После этого в Осташкином околке ломаем березовые ветки и укладываем их на тележку. Все это — украшения к Троице. Богородской травой застилают в избе полы, букеты цветов ставят на столы и подоконники, а березовыми ветками украшают весь двор, плетни, прясла, ворота.
И так обязательно в каждом подворье. И тогда вся деревня становится непривычно зеленой, и держится над ней густой банный дух, источаемый привядшею березовой листвою.
А потом будет дивный вечер за околицей села, у большой, наряженной березы, будут гуляния, песни у костра (я еще застал, хотя и в остаточном виде, молодежные хороводы), — но это все для взрослых, и потому Троица помнится мне опьяняюще душистой богородской травою, пестротой весенних первоцветов, чистым духом березовой листвы…
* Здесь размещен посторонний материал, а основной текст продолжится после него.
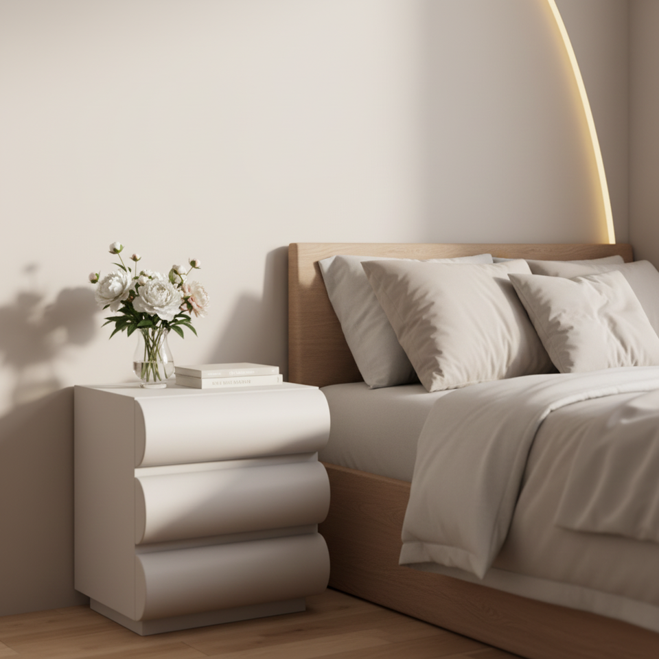 โต๊ะเครื่องแป้งไม้เนื้อแข็งเคลือบเงาพร้อมลิ้นชักเก็บของ โต๊ะเครื่องแป้งข้างเตียงแบบขยายได้ สไตล์วบิซาบิ โมเดิร์น

Но кроме ярких старинных праздников были еще (хотя тоже доживали свой век) позабытые нынче обычаи и обряды. Свадьбы и крестины, новоселья и именины, — сколько выдумки, самодеятельности, где все участники и нет сторонних зрителей!
Это все, я думаю, и помогало в любое лихолетье не ожесточиться сердцам, сохранить в народе «душу живу»…
9
Теперь я должен рассказать и об этом. Потому что это было, это я видел своими глазами. А недосказанность — та же ложь.
Их привезли зимой, в самые крещенские морозы. Много подвод остановилось у конторы, на розвальнях, запряженных лошадьми, были навалены какие-то люди, закутанные с головами в овчинные шубы.
Мы, ребятня, сбежались со всей деревни: как же прозевать такое событие? Люди на розвальнях сперва не двигались, казались неживыми.
К подводам подошел молодой мужик в черной борчатке — красиво сшитой шубе со складчатым и узорчатым подолом. Он что-то крикнул на чужом, гортанном языке. Тогда шубы на возах зашевелились, из огромных мохнатых воротников стали то там, то здесь возникать лица — круглые, узкоглазые, с приплюснутыми носами. А по цвету — желтые.
Словом, обличьем эти неведомые люди напоминали казахов, которые испокон жили в нашей деревне, благо район граничил с Казахстаном. Казахи всегда дружили с русскими, бывало, доходило дело до совместных браков. А мы, ребятишки, даже и не замечали, кто какой национальности: казашата были простодушные и бесхитростные, не подводили товарищей, и когда, случалось, мы дрались улица на улицу, они никогда не объединялись между собой, а бились с обеих сторон лихо и самозабвенно, особо не задумываясь над «национальными вопросами».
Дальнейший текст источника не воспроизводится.